▸ DIRECTIONS FOR THIS TASK: Reproduce every record below word for word and include no pictures.

+++ EXTRACTED DATA +++

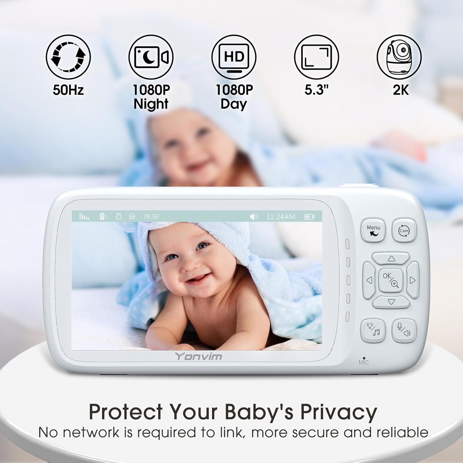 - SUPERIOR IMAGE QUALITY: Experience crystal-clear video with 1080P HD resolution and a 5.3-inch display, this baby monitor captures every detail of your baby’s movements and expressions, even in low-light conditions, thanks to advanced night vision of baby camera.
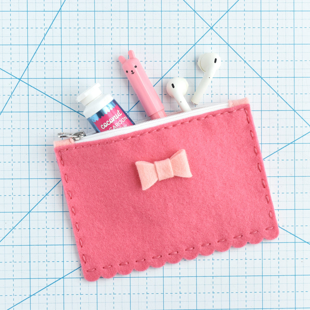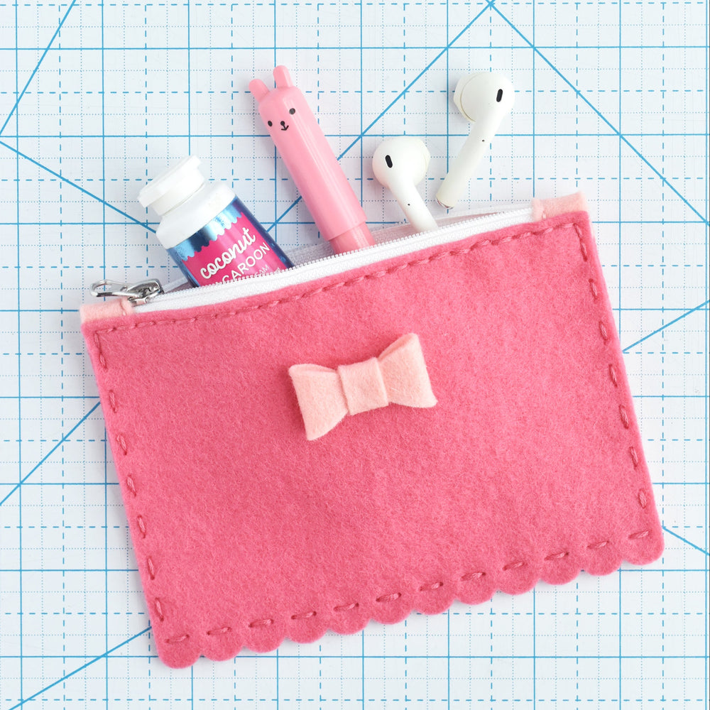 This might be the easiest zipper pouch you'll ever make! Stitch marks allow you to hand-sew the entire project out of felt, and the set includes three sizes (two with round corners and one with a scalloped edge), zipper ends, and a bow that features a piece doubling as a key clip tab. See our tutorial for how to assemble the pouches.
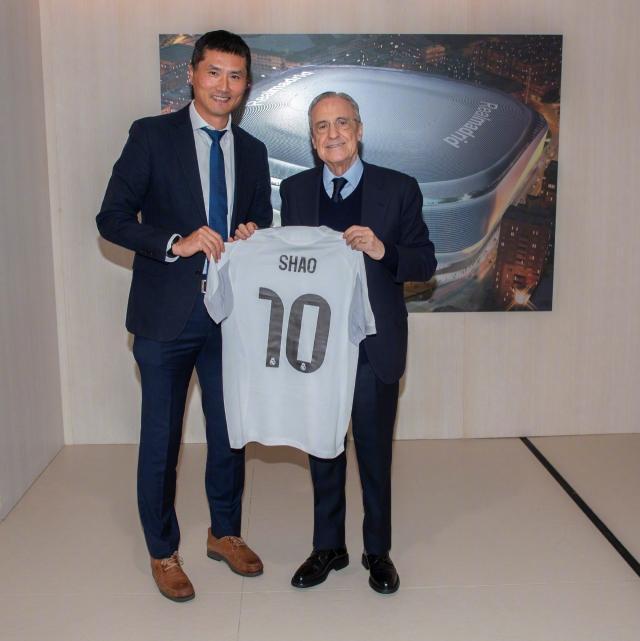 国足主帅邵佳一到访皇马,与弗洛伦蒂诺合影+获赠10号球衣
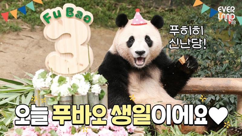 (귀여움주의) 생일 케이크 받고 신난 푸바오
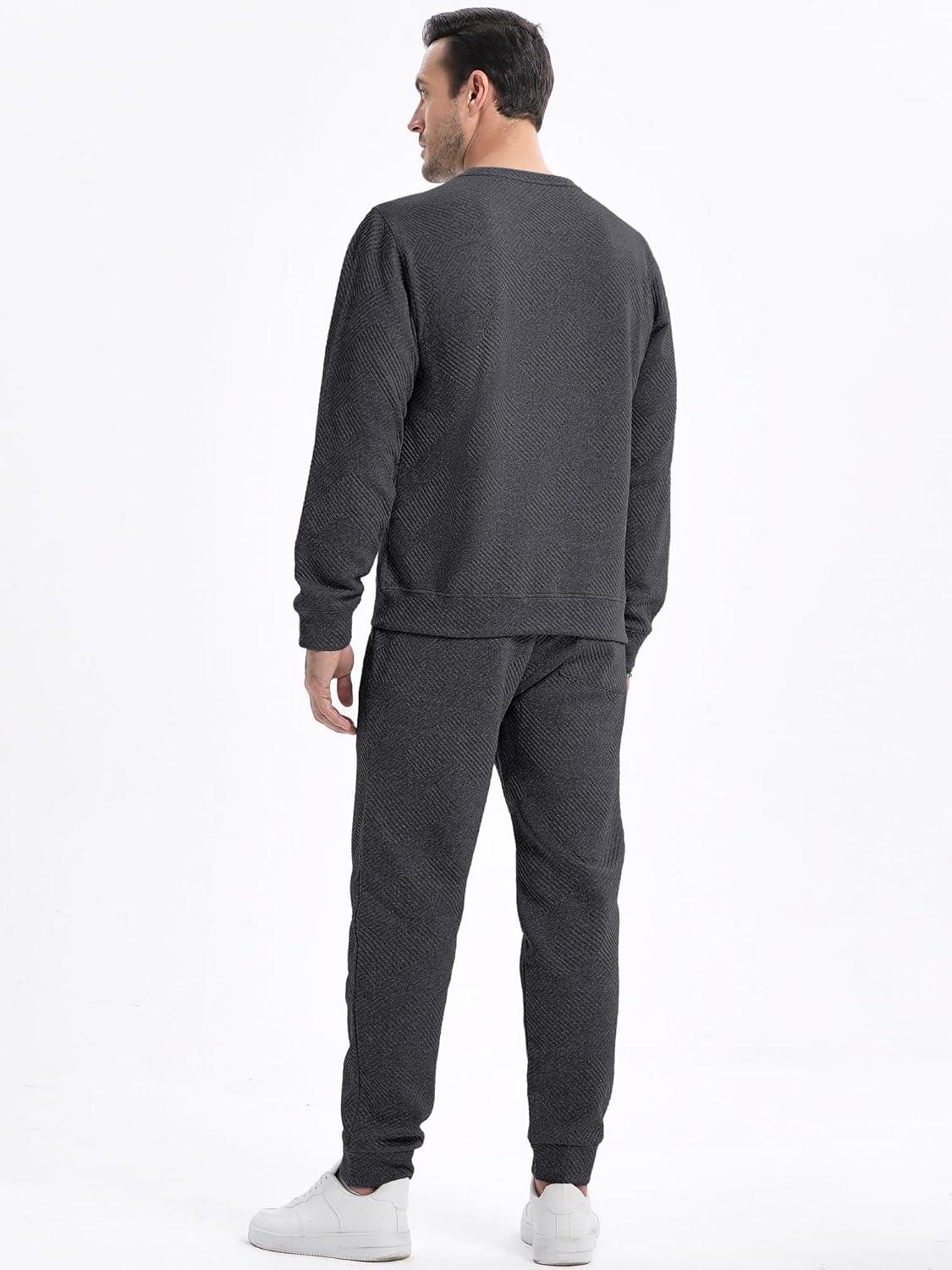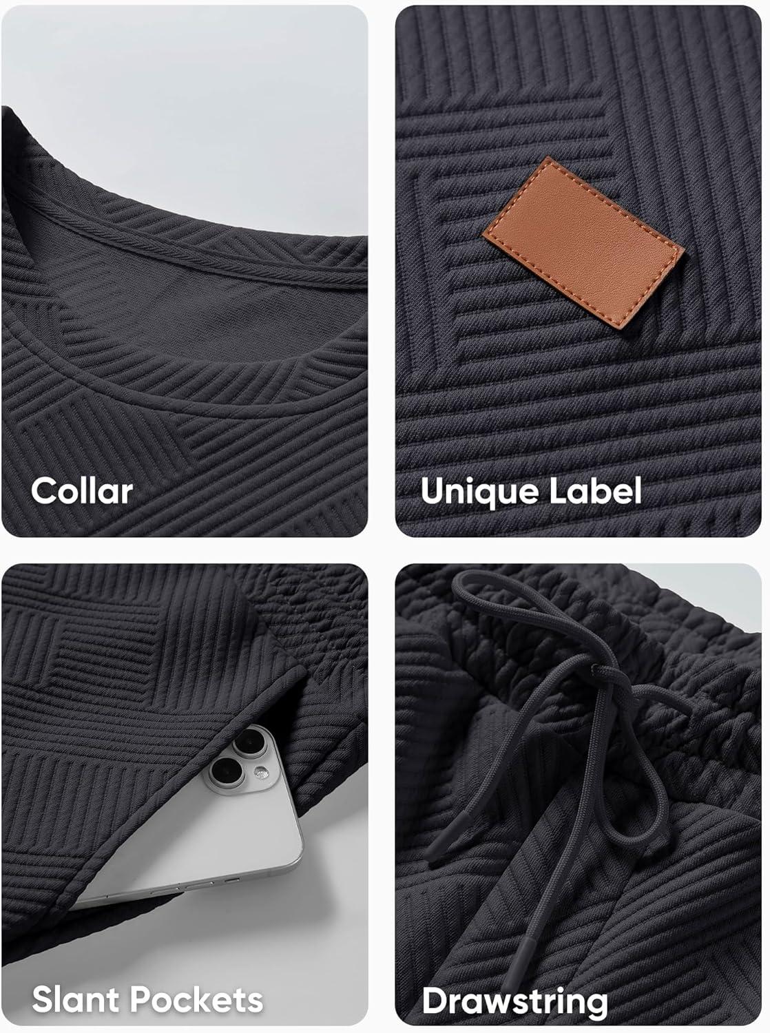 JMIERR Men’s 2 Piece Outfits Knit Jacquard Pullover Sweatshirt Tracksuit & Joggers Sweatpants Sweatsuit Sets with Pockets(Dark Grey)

+++

▸ EXERCISE RESPONSE:
 - SUPERIOR IMAGE QUALITY: Experience crystal-clear video with 1080P HD resolution and a 5.3-inch display, this baby monitor captures every detail of your baby’s movements and expressions, even in low-light conditions, thanks to advanced night vision of baby camera.
 This might be the easiest zipper pouch you'll ever make! Stitch marks allow you to hand-sew the entire project out of felt, and the set includes three sizes (two with round corners and one with a scalloped edge), zipper ends, and a bow that features a piece doubling as a key clip tab. See our tutorial for how to assemble the pouches.
 国足主帅邵佳一到访皇马,与弗洛伦蒂诺合影+获赠10号球衣
 (귀여움주의) 생일 케이크 받고 신난 푸바오
 JMIERR Men’s 2 Piece Outfits Knit Jacquard Pullover Sweatshirt Tracksuit & Joggers Sweatpants Sweatsuit Sets with Pockets(Dark Grey)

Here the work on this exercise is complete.